In this documentary on sex crimes in college campuses, the violations themselves are only part of the misdeeds. Director Kirby Dick's film finds it arguably even worse that many institutions' authorities are reluctant to act against sexually aggressive students. The film follows Andrea Pino and Annie Clark, who were both students and rape victims at the University of North Carolina at Chapel Hill. When they learned of their common stories and shared frustration at being ignored by the school's bureaucrats, they joined forces to cast light on the widespread problem. Their efforts moved a variety of victims to share their experiences on camera. Campus sexual attacks are now drawing attention because of a year-old Rolling Stone article, associating a University of Virginia fraternity house with rape, that was discovered to be unfounded. The more important viewpoint isn't that some reporters may get such stories wrong, it's that too few women (and men) have too little chance to share their stories. Dick's film is a valuable spotlight.
C.C.

CUT BANK
⋆½ out of four stars
Rating: R for violence and language.
Theater: Mall of America.

Having directed countless episodes of the priceless cable comedy "It's Always Sunny in Philadelphia," and the finale of FX's impressive "Fargo" series, Matt Shakman aims for the big time. Here he helms a talent-studded rural suspense film, a crime burlesque on hyperactive energy drinks. Hey, nothing's perfect.

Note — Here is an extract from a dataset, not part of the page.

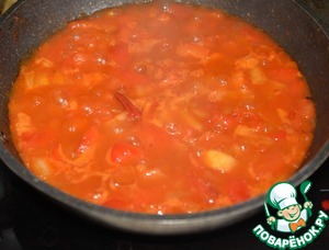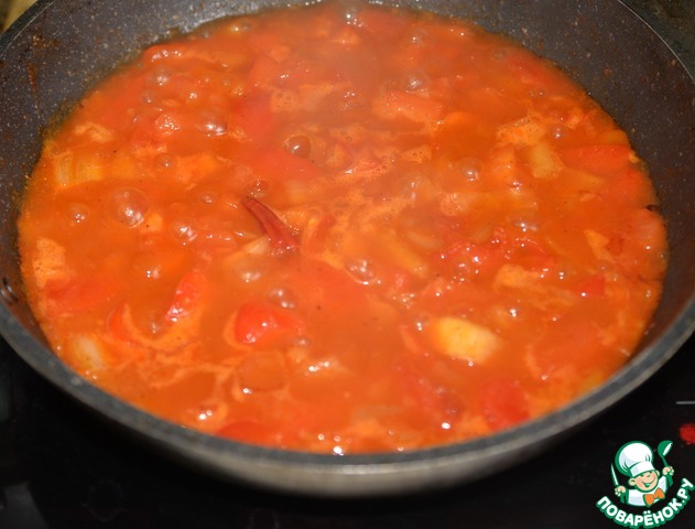 Варим соус до готовности на слабом огне, если помидоры не сочные, добавляем немного воды. Общее время приготовления соуса около 30 минут.

Starring veterans Bruce Dern, Billy Bob Thornton and John Malkovich, Australian visitors Liam Hemsworth and Teresa Palmer (she's also seen in this week's oddly parallel backwoods crime takeoff "Kill Me Three Times"), and Michael Stuhlbarg, the lead of the Coens' "A Serious Man," this opens with the sort of promise that hurts all the harder when it misfires. Roberto Patino's script offers little more than a pastiche of clichés from old small town shoot-'em-ups.

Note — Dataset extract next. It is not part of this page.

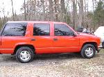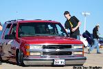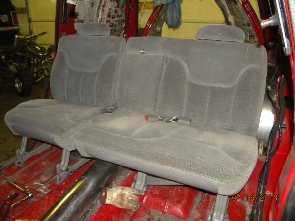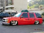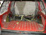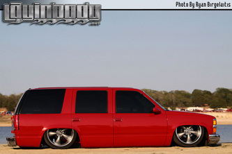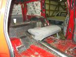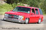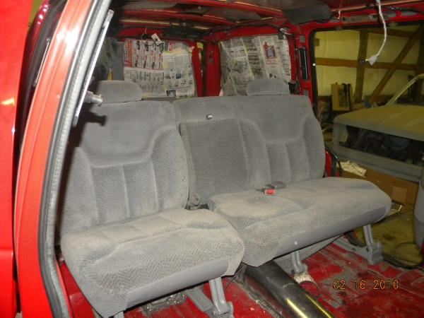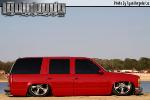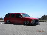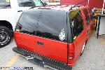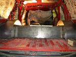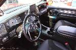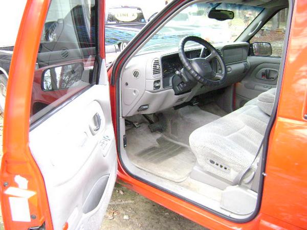 Driveshaft tunnel and fully sheet metaled rear notch and bridge area, fully sounddeadened, black carpet, 02 GMC front seats, modified rear seat, handmade black leather and black suede seat covers, black suede headliner, shaved stock front seat belts, shaved rear cargo cover holes, shaved rear seatbelt holes in B pillars, billet grab handles-dash-door paneltrim-ac vents-climate control-headlight switch-blinker-gear shift-gauge surround-speaker covers-door vents, white face gauges, Billet Specialties steering wheel with bowtie horn, dash dyed black, door panels dyed black with black suede inserts, 7" monitor molded into passenger airbag, 2000 Eddie Bauer Expedition Console, 7" in dash flipout dvd monitor, 7" monitors in head rests, Airlift guages in A pillar pod

A quiet Montana backwater becomes the site of the town mailman's murder, the biggest act of violence the town has ever had. It upsets the sheriff (Malkovich in wonderful form), who feels violent indigestion about "the most disappointing day in my life." Stuhlbarg puts on Coke-bottle eyeglasses to play a mystery man willing to do anything to get the package the postman was set to deliver him. Especially if the death is not really what the onlookers thought they saw. Which is not to say that the characters are who they seem, either. In this sort of film, plenty of characters hope to get out of their small-time town, while viewers hope to get out of the theater.
C.C.

DESERT DANCER
⋆½ out of four stars
Rating: PG-13.
Theater: Edina.

This somber, second-rate drama, loosely adapted from fact, bears no likeness to anything in the real world but previous dull films. Growing up in the Islamic Republic of Iran, Afshin Ghaffarian (Reece Ritchie) is an angelic runt mad about footwork thanks to his parents' banned DVD of "Dirty Dancing." That enthusiasm is his lone characteristic; this film allots each character one token attribute. As a Teheran college student Afshin trains underground. When the Ayatollah's violent anti-footwork thugs discover him defiantly pirouetting in secret for ballet lovers in the desert, they beat him up, a turn of events that seems to preoccupy his four dance partners as much as the Iran-Iraq War did an earlier generation. Freida Pinto appears as the daughter of the deposed Shah's ballet star, easing her heartbreak with her platonic friendship with Afshin, their duets, and lots of drugs. The saga's events, as depicted in director Richard Raymond's movie, simply don't coalesce into a raw, urgent whole. With its overdrawn characters and hackneyed dialogue, it's a politicized "Billy Elliot."
C.C.

FREETOWN
⋆½ out of four stars
Rating: PG-13 for thematic situations involving violence.
Theater: Eden Prairie.

The early days of Liberia's long civil war provide the backdrop to a modestly budgeted odyssey about Mormon missionaries caught up in a country overrun with armed, trigger-happy teenagers. Abubakar (Henry Adofo) is charged with helping the young Mormon elders escape to neighboring Sierra Leone. Garrett Batty's "inspired by a true story" film is most at home capturing a country descending into chaos. But the film dawdles, the acting ranges from passable to wooden, and the biblical allegories (one elder denies his tribe) are a trifle heavy-handed.